One thing’s certain – the vast and growing supply of data contained in electronic medical records systems will play a significant role in improving the speed and efficiency of research into new treatments in the years to come. The challenge will be striking an appropriate balance between the unquestionable promise of this data to enable research – research that will enhance available treatments and save lives – with the rights of individual patients in the privacy of their health information. Attempts to strike that balance are at the heart of current legislative, regulatory and policy initiatives that will shape the manner and extent to which this valuable resource will be used in the future.
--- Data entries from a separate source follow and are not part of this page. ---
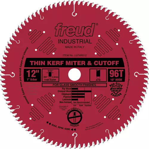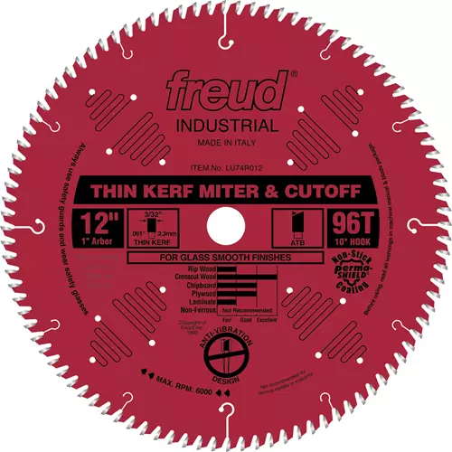 This thin kerf blade produces glass smooth surfaces when crosscutting hardwoods and softwoods, thanks to Freud's unique side grinding technology. The larger blades are ideal for miter box applications. Thin kerf blades remove less material than standard carbide blades, thus requiring less horsepower to produce equally good results.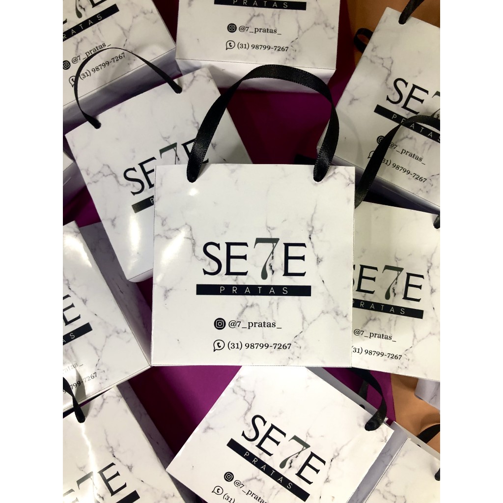 50 MINI SACOLA PERSONALIZADA COM LOGO 10X10X4 PAPEL FOTOGRAFICO 180G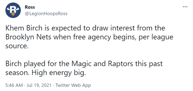 另据美媒LegionHoops的报道,消息源透露,自由球员市场开启后,中锋伯奇会吸引篮网的兴趣。28岁的伯奇本赛季效力过魔术和猛龙,是一个打球很有能量的中锋。效力魔术的48场比赛,伯奇主要打替补,场均5.3分5.1篮板,而效力猛龙的19场比赛,伯奇大部分时间打首发,场均11.9分7.6篮板1.2盖帽。篮网希望在休赛期补强内线,伯奇是他们的潜在选择,他的合同在本赛季结束后到期。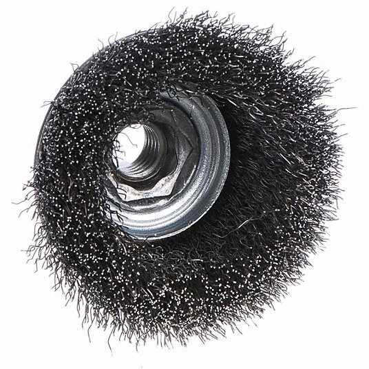 فرشاة كأسية ذات سلك مجعد 4 بوصة, 0.02 بوصة قطر السلك, 1 3/8 بوصة طول الحافة ذات الشعر الخشن 1PAK1

Included in the 21st Century Cures legislation that passed the House on Friday, July 10, 2015 are changes to HIPAA intended to expand access to patient health records for research purposes. Specifically, subject to certain requirements, the changes permit use and disclosure of PHI by covered entities for research purposes and remove the prohibition on remote access by a researcher to PHI. In addition, the long-anticipated proposed revisions to the Common Rule, pending with OMB, are expected to significantly alter the consent and IRB review requirements for many research activities, particularly for EMR-based research. For instance, the Advance Notice of Proposed Rulemaking sought comments on proposals to increase data privacy and security requirements for research data, while at the same time reducing informed consent requirements and IRB oversight of research using existing data or biospecimens.
The latest piece of the puzzle came in the form Proposed Privacy and Trust Principles for the Precision Medicine Initiative released by the White House on Thursday, July 8, 2015. The Precision Medicine Initiative, first introduced in President Obama’s State of the Union Address and supported by $215 million in funding to NIH, NCI, FDA and ONC, aims to establish a voluntary national research cohort made up of at least one million individuals who agree to contribute data from a range of sources, which may include access to medical records, analysis of biospecimens, environmental and lifestyle data, patient-generated information, and personal device and sensor data. This data will be aggregated and made available to qualified researchers, including those from academic, non-profit and for-profit entities.